# **AdvDSI - Assignment 2: Multi-Class Classification - Beer Style Predictor - Fastapi - Catboost**

Train a machine *learning model* (using sklearn) or a *custom neural networks* (using pytorch) that will 

accurately predict a type of beer based on some users’ rating criterias such as appearance, aroma, palate or taste. 

You will also need to build a web app and deploy it online (using Heroku) in order to serve your model for real time predictions.
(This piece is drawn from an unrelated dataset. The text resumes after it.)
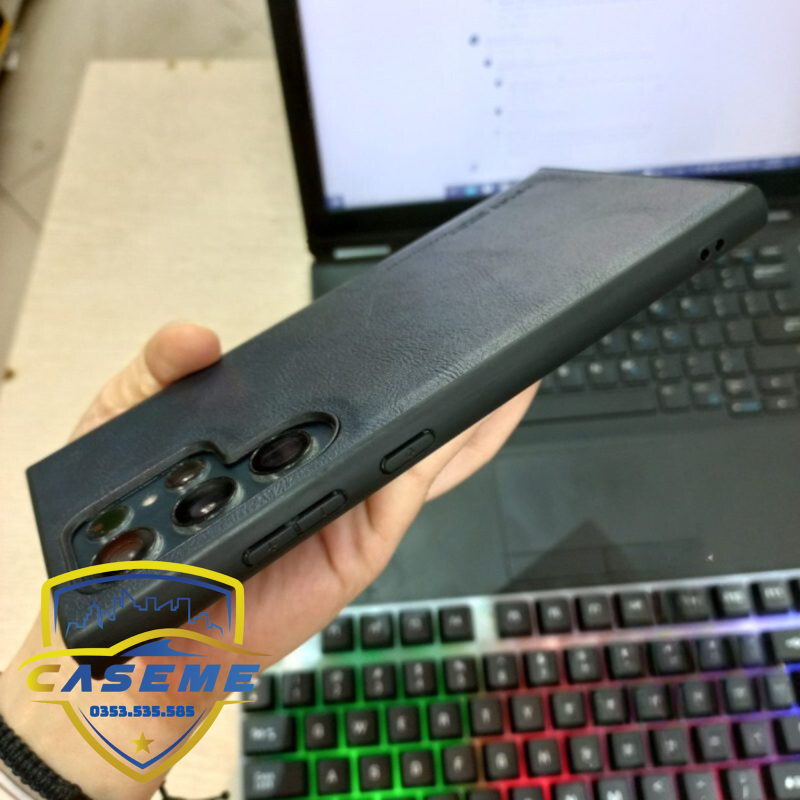 Phần lưng thiết kế vân da, rất giống da thật, cầm bám tay, không bám mồ hôi, vân tay, không mờ, không ố vàng trong quá trình sử dụng.

**Student Name:** Nathan Fragar

**Student No. :** 93087548

**Week:** 6

**Date:** 20MAR2022

#### Description:

This notebook is prepare functions and processing for FastAPI Docker Notebook

## 1. Load Dataset

**[1.1]** Task: Import required packages: Pandas, Numpy, joblib etc

In [230]:
# Task: Import the pandas, numpy and joblib package
import pandas as pd
import numpy as np
from joblib import load
import joblib as job

from starlette.responses import JSONResponse
from typing import Optional
from pydantic import BaseModel

# Algorithm - Catboost
import catboost
from catboost import *
from catboost import CatBoostClassifier
from catboost import Pool

In [162]:
! python --version

Python 3.9.10


In [64]:
# Change Working Directory: /home/jovyan/work

In [2]:
cd /home/jovyan/work

/home/jovyan/work


In [3]:
# Task: Launch the magic commands for auto-relaoding external modules
%load_ext autoreload
%autoreload 2

**[1.2]** Task: Load Dataset - Beer Styles and Breweries

In [348]:
# file_url
file_path_beer_style = 'data/reference/beer_style.csv'
file_path_brewery = 'data/reference/breweries.csv'
file_path_beer_min_max = 'data/reference/beer_min_max_scale.csv'

# Load files into df_raw data frames
df_beer_style = pd.read_csv(file_path_beer_style)
df_brewery = pd.read_csv(file_path_brewery)
df_brewery_id = pd.read_csv(file_path_brewery, index_col='brewery_id')
df_beer_min_max_scale = pd.read_csv(file_path_beer_min_max, index_col='col')

In [308]:
df_brewery_id.head()

Unnamed: 0_level_0,brewery_name
brewery_id,Unnamed: 1_level_1
13160,'t Hofbrouwerijke
17863,(512) Brewing Company
16873,10 Barrel Brewing Co.
4473,1516 Brewing Company
20688,16 Mile Brewing Company


**[1.3]** Display Datasets - Beer Styles and Breweries

In [5]:
df_beer_style.head()

Unnamed: 0,beer_style,beer_style_cat
0,Altbier,0
1,American Adjunct Lager,1
2,American Amber / Red Ale,2
3,American Amber / Red Lager,3
4,American Barleywine,4


In [7]:
df_brewery.head()

Unnamed: 0,brewery_name,brewery_id
0,'t Hofbrouwerijke,13160
1,(512) Brewing Company,17863
2,10 Barrel Brewing Co.,16873
3,1516 Brewing Company,4473
4,16 Mile Brewing Company,20688


In [8]:
df_beer_min_max_scale.head()

Unnamed: 0_level_0,min,max
col,Unnamed: 1_level_1,Unnamed: 2_level_1
review_aroma,1,5.0
review_appearance,0,5.0
review_palate,1,5.0
review_taste,1,5.0
beer_abv,0,57.7


**[1.4]** Create and Load Catboost Model

In [6]:
# Load saved catboost model into cb_model
cb_model = load('models/catboost_model5.joblib')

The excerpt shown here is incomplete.